What are the lines from the one containing "Figure 4: Interface" through the last line of the records below? Return them exactly, leaving out pictures.

────────────────────────────────────────

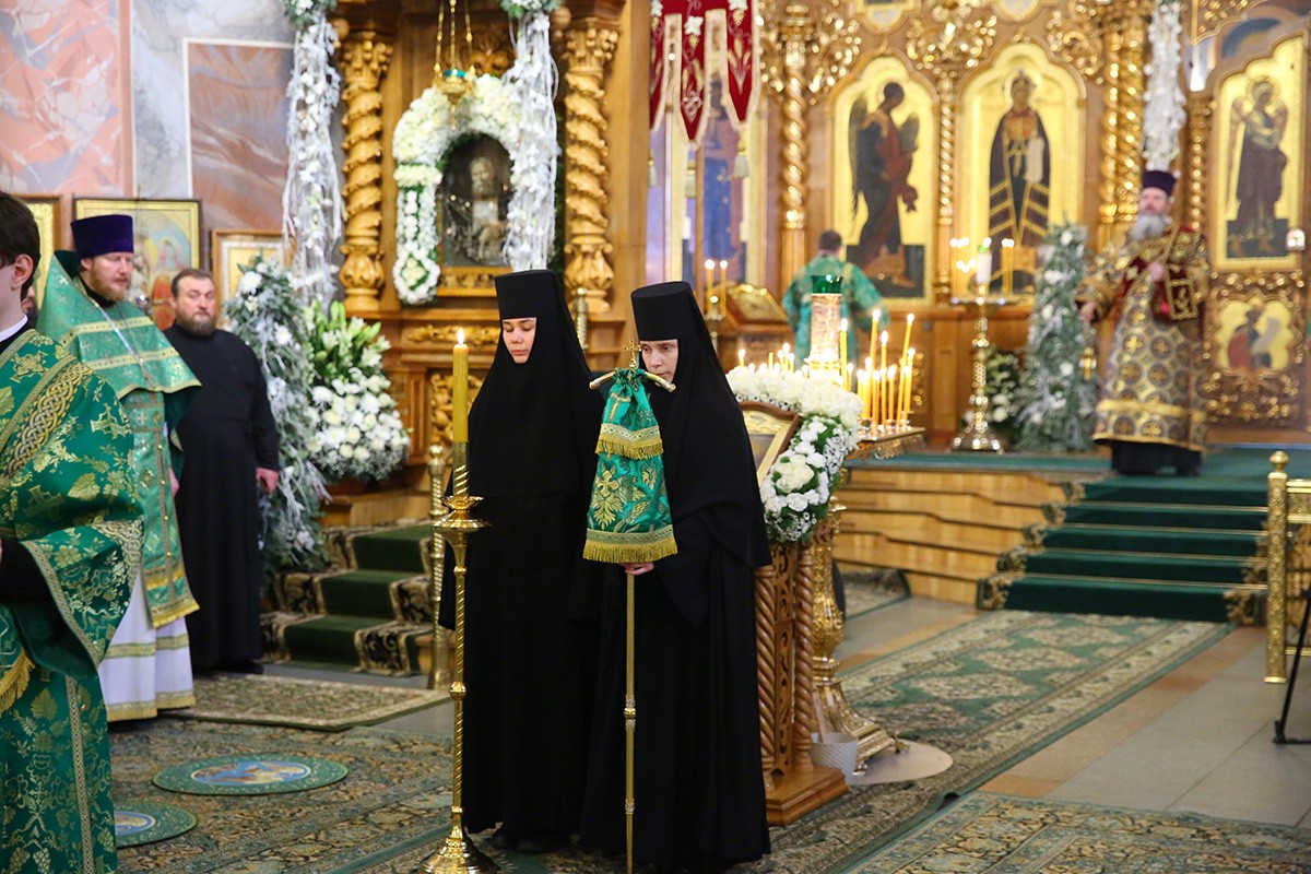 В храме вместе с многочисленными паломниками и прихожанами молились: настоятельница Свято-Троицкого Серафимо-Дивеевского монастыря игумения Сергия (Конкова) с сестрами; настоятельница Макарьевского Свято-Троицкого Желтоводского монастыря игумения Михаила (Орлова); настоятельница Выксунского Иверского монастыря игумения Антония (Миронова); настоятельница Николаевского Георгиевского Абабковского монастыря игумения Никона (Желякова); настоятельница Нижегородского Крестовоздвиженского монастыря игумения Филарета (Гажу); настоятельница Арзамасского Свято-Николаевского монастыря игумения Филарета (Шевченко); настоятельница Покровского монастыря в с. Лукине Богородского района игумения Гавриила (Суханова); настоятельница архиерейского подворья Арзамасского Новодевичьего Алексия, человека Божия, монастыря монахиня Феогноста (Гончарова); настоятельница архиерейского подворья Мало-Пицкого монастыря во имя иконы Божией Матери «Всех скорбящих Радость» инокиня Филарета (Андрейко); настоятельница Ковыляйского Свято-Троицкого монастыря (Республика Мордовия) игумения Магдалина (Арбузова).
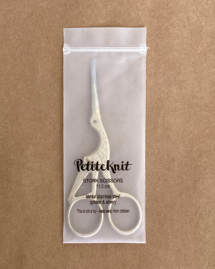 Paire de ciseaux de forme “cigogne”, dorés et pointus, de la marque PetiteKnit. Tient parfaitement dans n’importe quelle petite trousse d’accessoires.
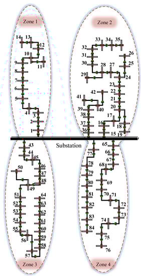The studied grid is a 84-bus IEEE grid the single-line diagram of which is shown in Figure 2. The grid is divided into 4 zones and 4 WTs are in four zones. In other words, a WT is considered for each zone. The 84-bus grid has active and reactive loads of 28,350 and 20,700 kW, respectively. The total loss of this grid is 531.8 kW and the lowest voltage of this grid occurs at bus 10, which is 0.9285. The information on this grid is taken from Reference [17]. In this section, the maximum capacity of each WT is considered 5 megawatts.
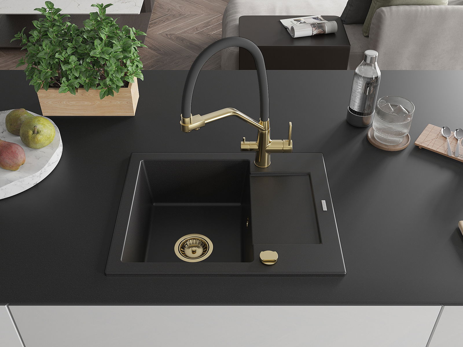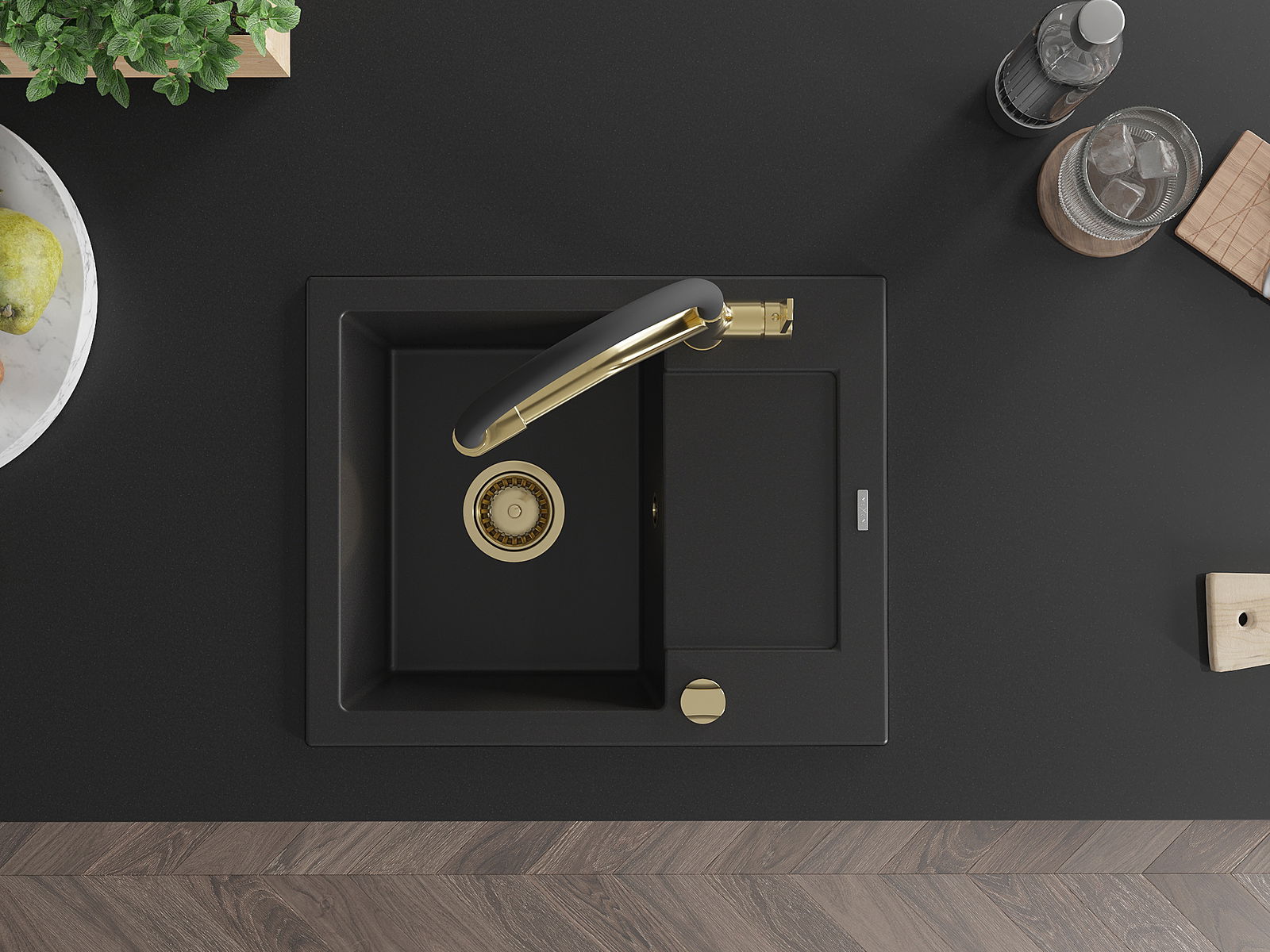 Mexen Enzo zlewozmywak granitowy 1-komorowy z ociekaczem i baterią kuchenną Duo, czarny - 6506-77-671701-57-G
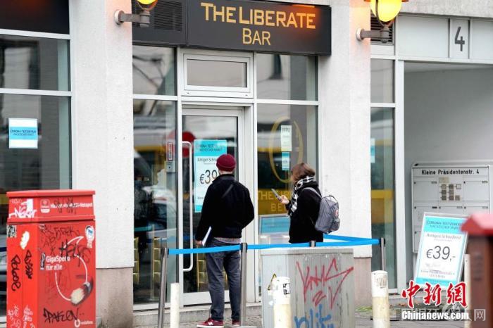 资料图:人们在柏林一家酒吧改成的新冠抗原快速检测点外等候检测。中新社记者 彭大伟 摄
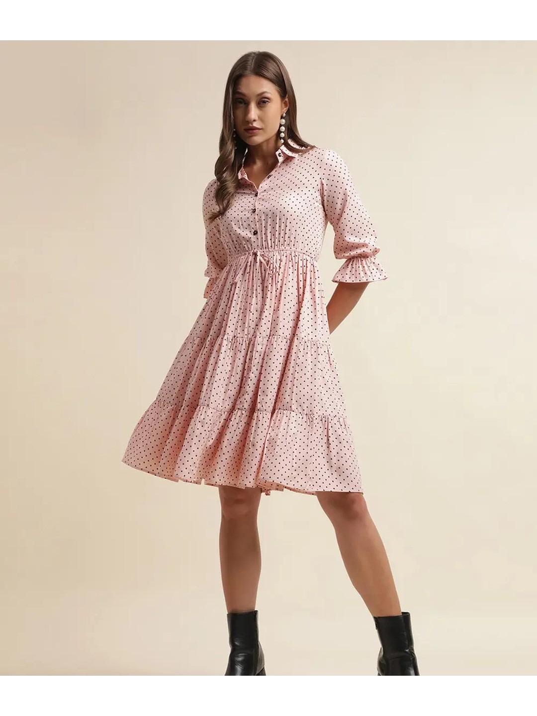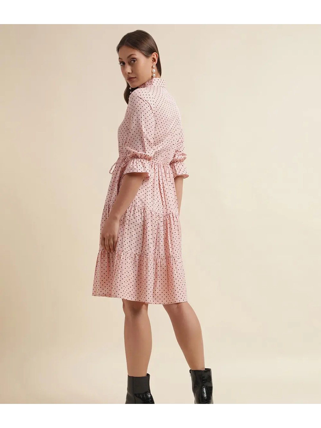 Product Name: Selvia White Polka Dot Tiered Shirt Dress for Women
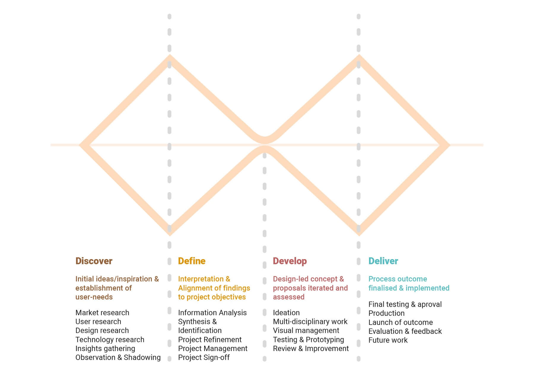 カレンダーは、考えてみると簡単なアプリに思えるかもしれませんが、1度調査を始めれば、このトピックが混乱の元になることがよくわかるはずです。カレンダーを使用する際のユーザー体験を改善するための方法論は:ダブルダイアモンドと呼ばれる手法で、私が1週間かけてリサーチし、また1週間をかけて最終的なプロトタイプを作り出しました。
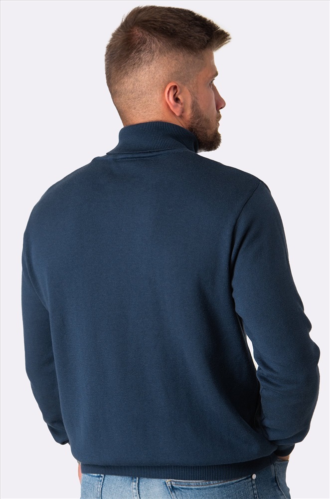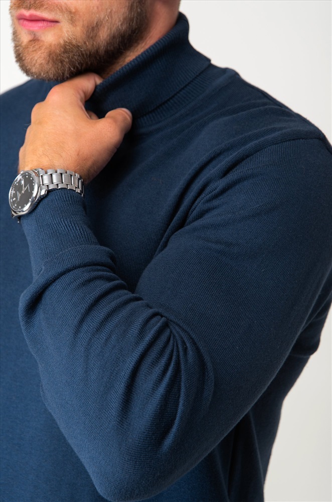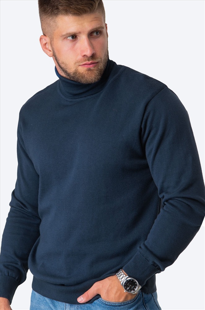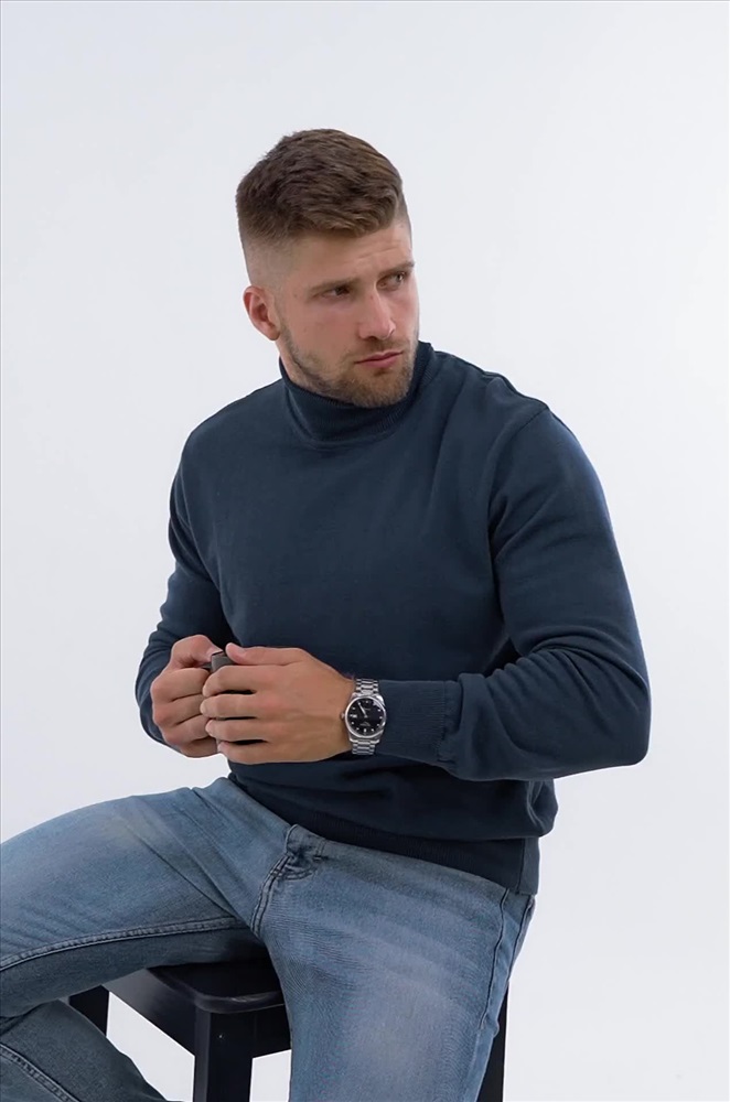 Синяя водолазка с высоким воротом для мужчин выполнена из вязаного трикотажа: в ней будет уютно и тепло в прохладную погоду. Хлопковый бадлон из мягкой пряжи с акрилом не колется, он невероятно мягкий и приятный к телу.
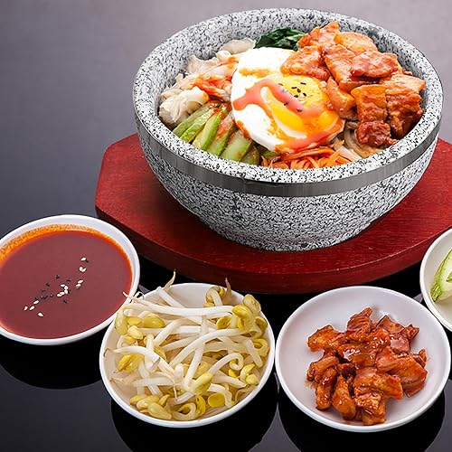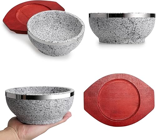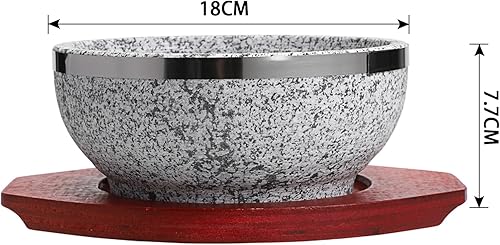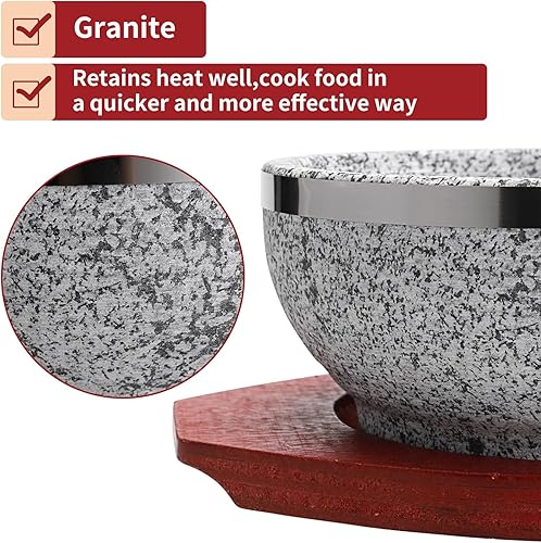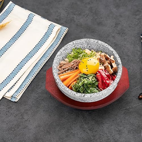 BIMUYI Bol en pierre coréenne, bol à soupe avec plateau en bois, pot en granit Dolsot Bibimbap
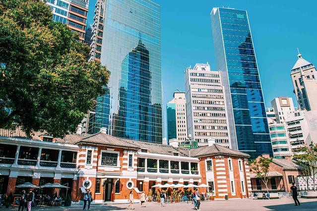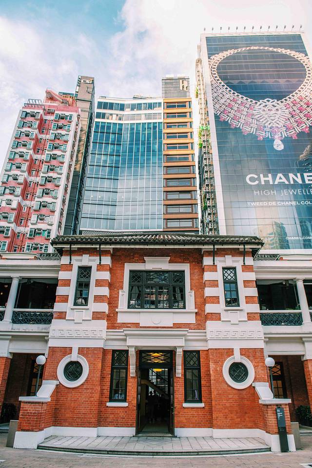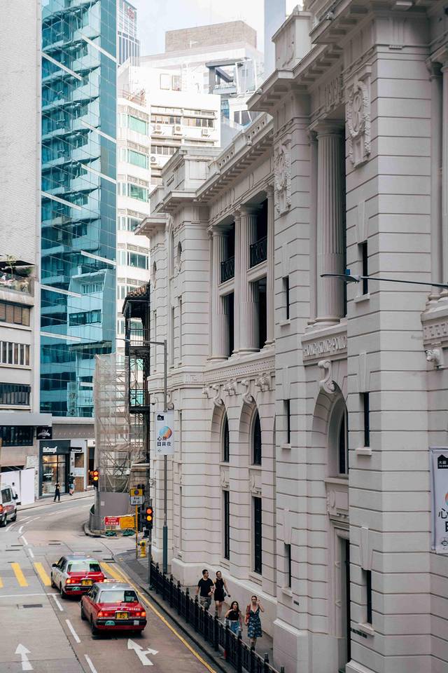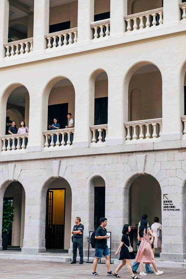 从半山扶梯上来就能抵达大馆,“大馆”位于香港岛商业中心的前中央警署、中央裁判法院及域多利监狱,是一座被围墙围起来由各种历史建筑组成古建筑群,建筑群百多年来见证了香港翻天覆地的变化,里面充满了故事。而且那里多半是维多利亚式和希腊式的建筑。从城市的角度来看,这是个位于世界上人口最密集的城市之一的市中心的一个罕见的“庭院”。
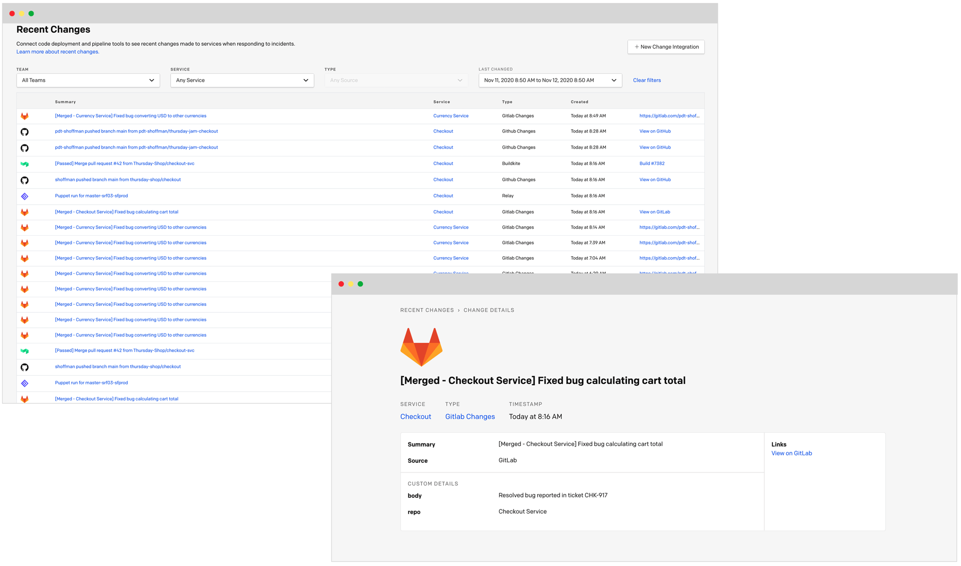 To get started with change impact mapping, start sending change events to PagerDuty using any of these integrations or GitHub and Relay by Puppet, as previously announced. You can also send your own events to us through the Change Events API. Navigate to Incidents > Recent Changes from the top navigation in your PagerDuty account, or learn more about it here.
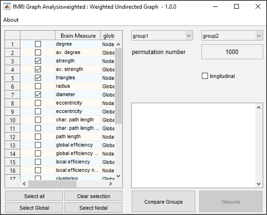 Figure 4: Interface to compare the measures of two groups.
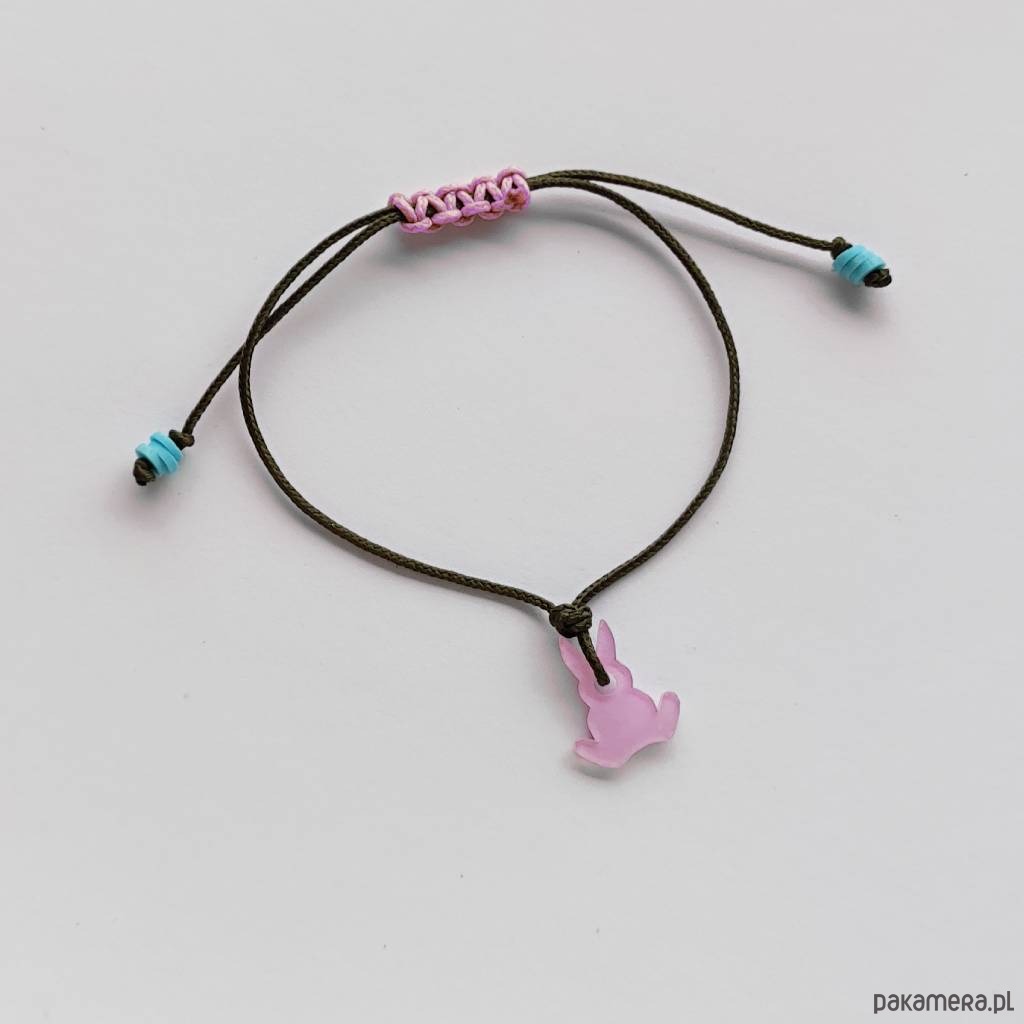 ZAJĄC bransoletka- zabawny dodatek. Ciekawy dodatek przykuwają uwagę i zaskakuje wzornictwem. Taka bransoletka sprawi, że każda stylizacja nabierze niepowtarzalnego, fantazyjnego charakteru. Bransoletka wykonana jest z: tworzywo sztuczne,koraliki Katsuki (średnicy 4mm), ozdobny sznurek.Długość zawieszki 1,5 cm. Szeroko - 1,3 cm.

────────────────────────────────────────

▶ **Your solution**
 Figure 4: Interface to compare the measures of two groups.
 ZAJĄC bransoletka- zabawny dodatek. Ciekawy dodatek przykuwają uwagę i zaskakuje wzornictwem. Taka bransoletka sprawi, że każda stylizacja nabierze niepowtarzalnego, fantazyjnego charakteru. Bransoletka wykonana jest z: tworzywo sztuczne,koraliki Katsuki (średnicy 4mm), ozdobny sznurek.Długość zawieszki 1,5 cm. Szeroko - 1,3 cm.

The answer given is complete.